O esnâda mezarın başında Mevlânâ Kur'ân-ı kerîm okuyordu. Hâl lisânıyla ona; "Beni bu kasabın elinden kurtar." dedi. Mevlânâ, öküzün üzerine elini koyup okşadı; "Üzülme, cenâb-ı Hak her şeye kâdirdir." buyurdu.

Bu sırada kasap, elinde urgan ve bıçak olduğu hâlde soluk soluğa çıkageldi. Mevlânâ gelen kasaba, öküzün âzâd edilmesini, hürriyetine kavuşturulmasını istedi. Kasap da Mevlânâ hazretlerinin hatırı için öküzü âzâd etti. Kasap gidince Mevlânâ, mübârek elini öküzün üzerine koyup duâ etti ve o günden sonra bir daha o öküzü gören olmadı.

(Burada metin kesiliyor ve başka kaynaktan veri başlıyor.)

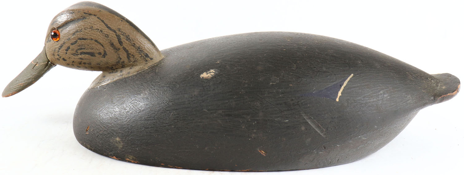 Black Duck by unknown maker, glass eyes, solid wood, original paint, tail is broken, bill has been repaired. Grade: Very Good + - Value: 50 to 100

Bunun üzerine Mevlânâ; "Bu öküz, kesilip pişirilecek zamâna gelmiş iken, bizim tarafımıza gelmek sûretiyle, kesilip parçalanmaktan kurtuldu. İşte bunun gibi bir insan da, Allahü teâlânın evliyâsına cân u gönülden teslim olup emirlerine uygun yaşar, ona talebe olursa, kıyâmet gününde Cehennem'e götüren meleklerin elinden kurtulur." buyurdu.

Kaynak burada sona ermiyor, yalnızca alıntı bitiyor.